From the records below, output exactly the lines running from the line containing "Now you don't" through the line containing "点击【立即推广】系统会创建一", and no others.

EXERCISE MATERIAL:
*** Block opens ***

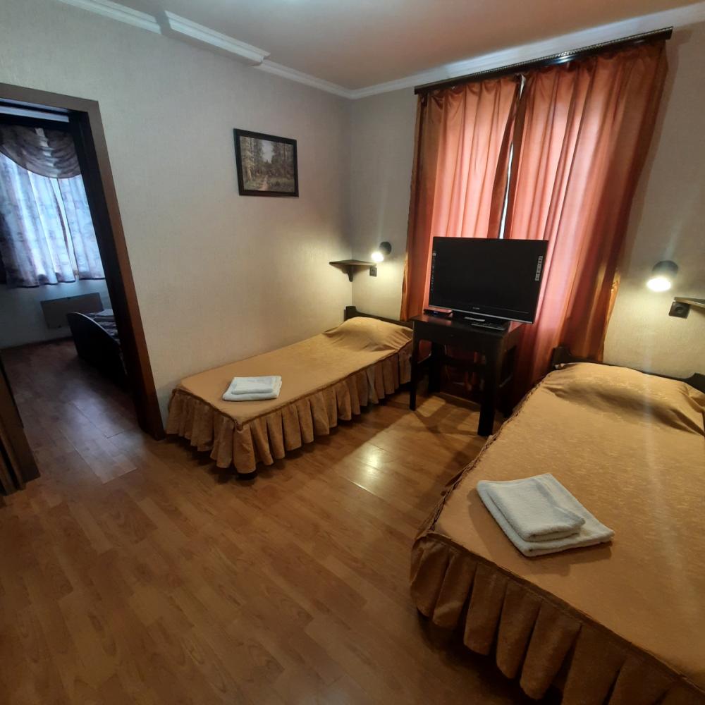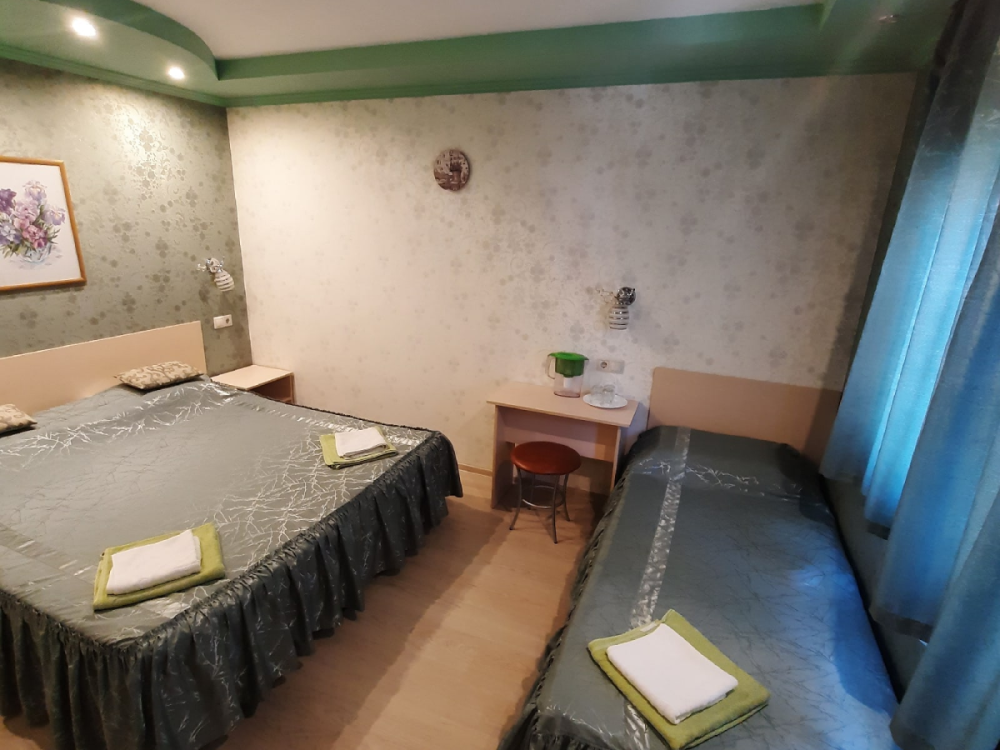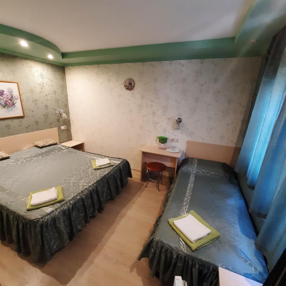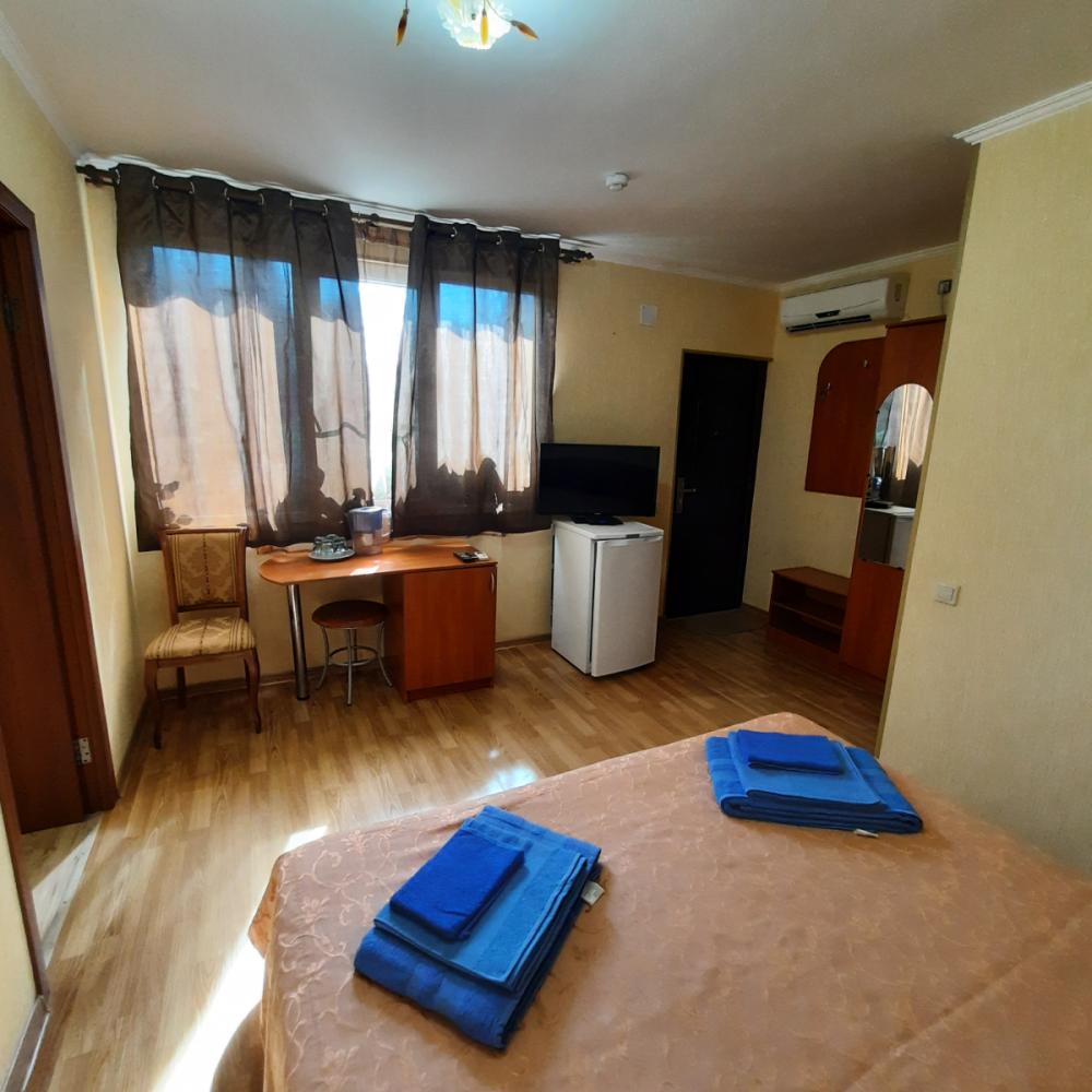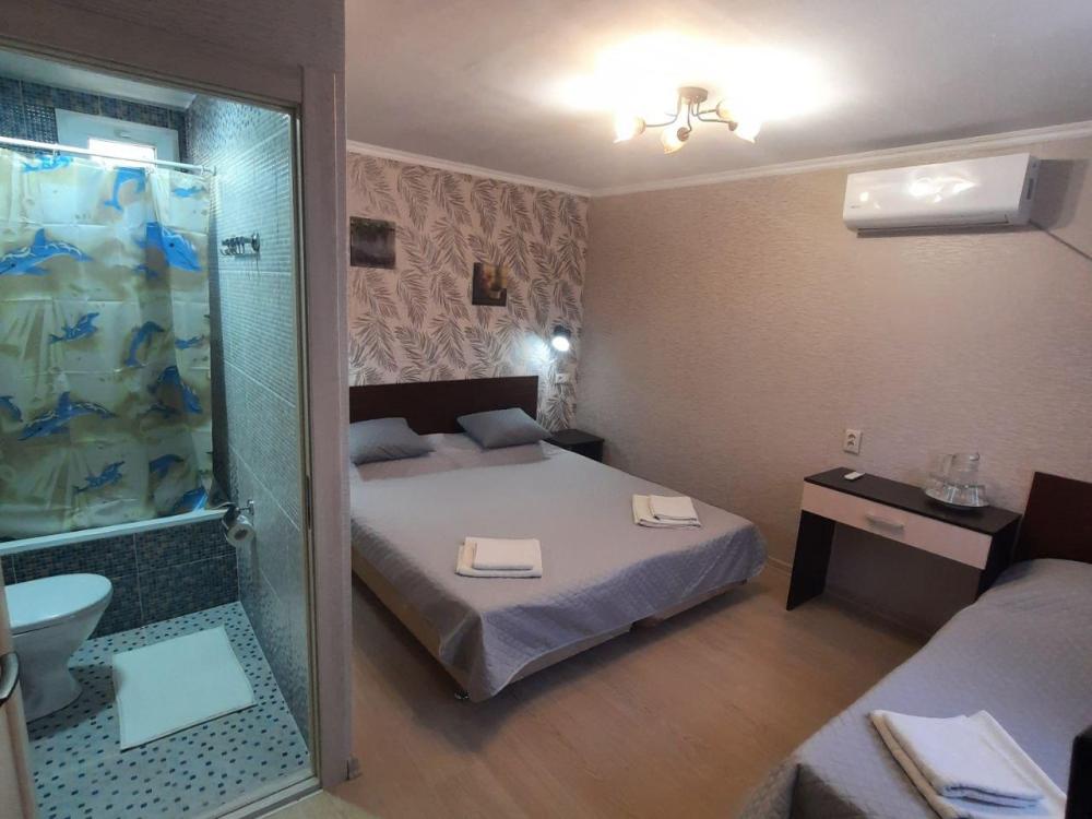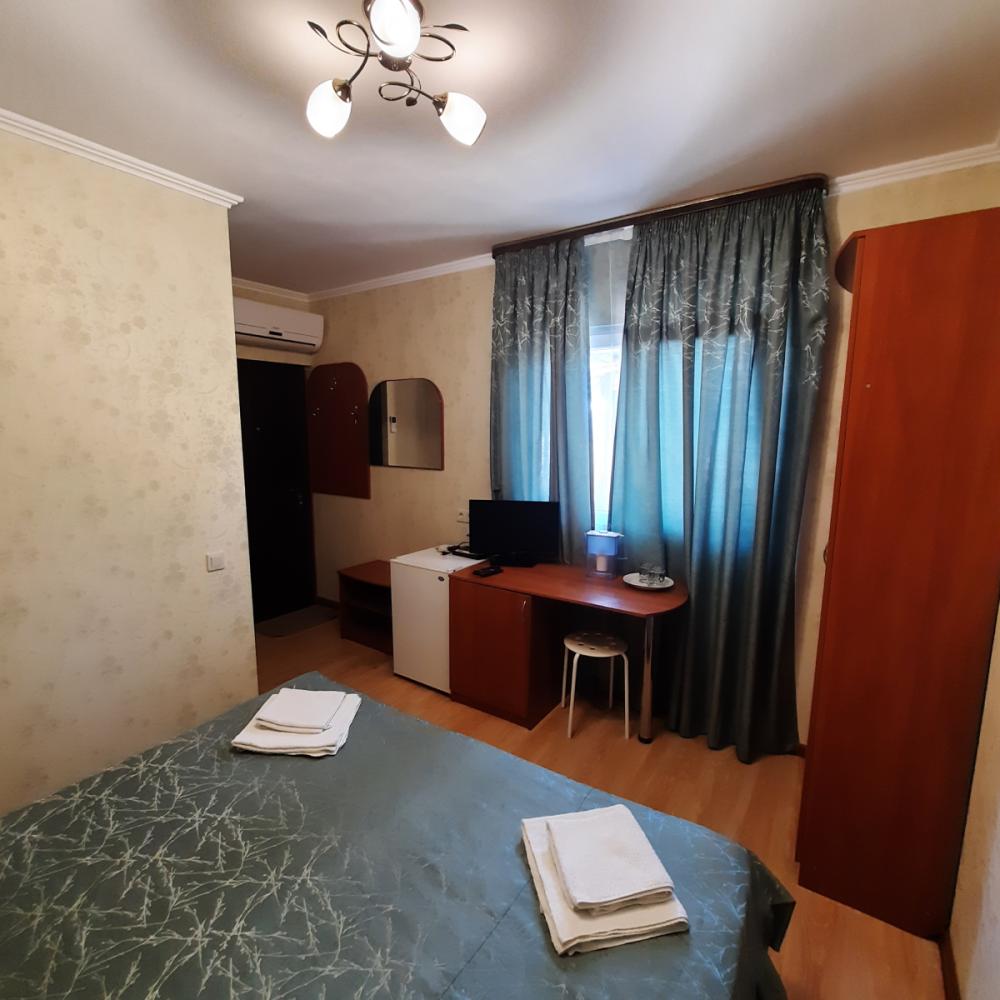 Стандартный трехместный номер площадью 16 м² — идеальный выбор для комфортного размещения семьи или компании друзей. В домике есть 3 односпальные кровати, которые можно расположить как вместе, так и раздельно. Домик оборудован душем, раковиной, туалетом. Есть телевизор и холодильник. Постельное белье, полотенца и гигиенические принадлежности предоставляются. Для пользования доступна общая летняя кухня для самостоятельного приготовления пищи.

*** Block closes ***
*** Block opens ***

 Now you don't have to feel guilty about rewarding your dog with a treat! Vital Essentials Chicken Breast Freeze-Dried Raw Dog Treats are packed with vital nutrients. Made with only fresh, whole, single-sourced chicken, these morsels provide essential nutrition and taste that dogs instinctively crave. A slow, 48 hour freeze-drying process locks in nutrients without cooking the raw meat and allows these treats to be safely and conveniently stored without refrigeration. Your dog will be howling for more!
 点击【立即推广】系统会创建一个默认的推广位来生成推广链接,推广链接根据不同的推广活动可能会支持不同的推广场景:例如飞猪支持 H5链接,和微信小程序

*** Block closes ***
*** Block opens ***

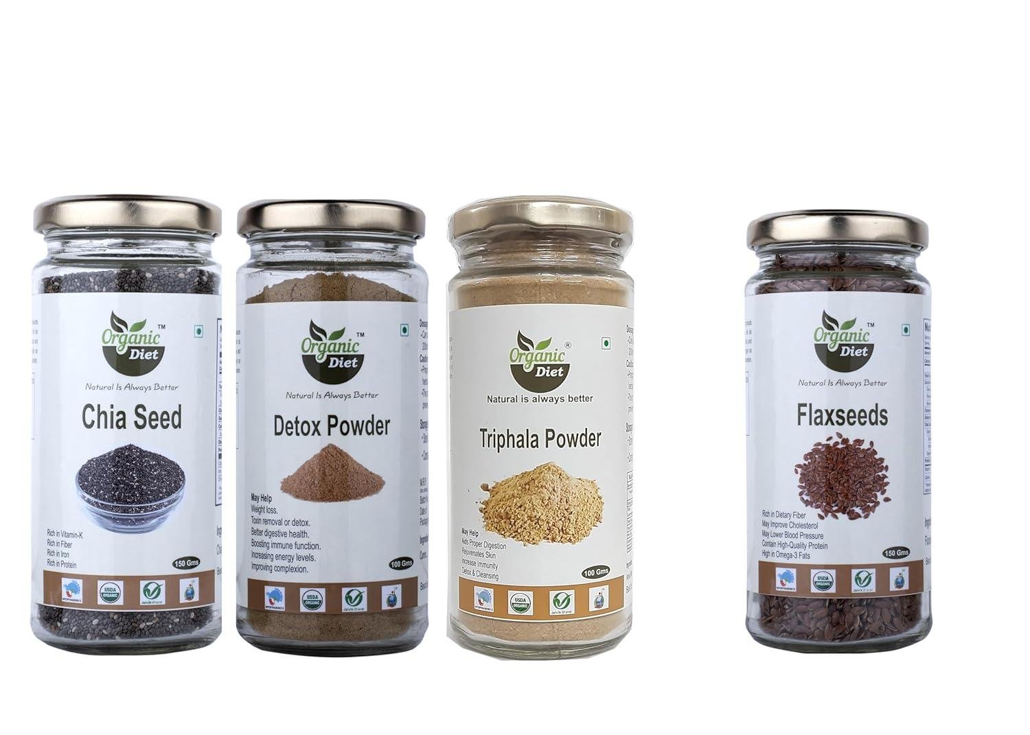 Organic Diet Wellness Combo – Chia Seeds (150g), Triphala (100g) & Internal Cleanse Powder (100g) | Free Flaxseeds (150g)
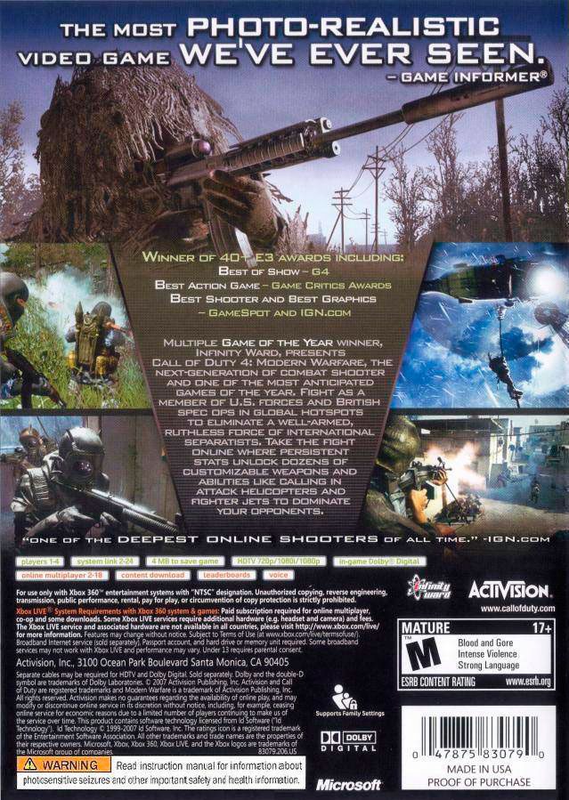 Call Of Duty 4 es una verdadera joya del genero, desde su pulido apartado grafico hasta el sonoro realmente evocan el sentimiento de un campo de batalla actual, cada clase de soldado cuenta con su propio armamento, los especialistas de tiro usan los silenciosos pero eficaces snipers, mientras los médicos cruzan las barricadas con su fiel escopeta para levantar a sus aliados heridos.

*** Block closes ***

WRITTEN RESPONSE:
 Now you don't have to feel guilty about rewarding your dog with a treat! Vital Essentials Chicken Breast Freeze-Dried Raw Dog Treats are packed with vital nutrients. Made with only fresh, whole, single-sourced chicken, these morsels provide essential nutrition and taste that dogs instinctively crave. A slow, 48 hour freeze-drying process locks in nutrients without cooking the raw meat and allows these treats to be safely and conveniently stored without refrigeration. Your dog will be howling for more!
 点击【立即推广】系统会创建一个默认的推广位来生成推广链接,推广链接根据不同的推广活动可能会支持不同的推广场景:例如飞猪支持 H5链接,和微信小程序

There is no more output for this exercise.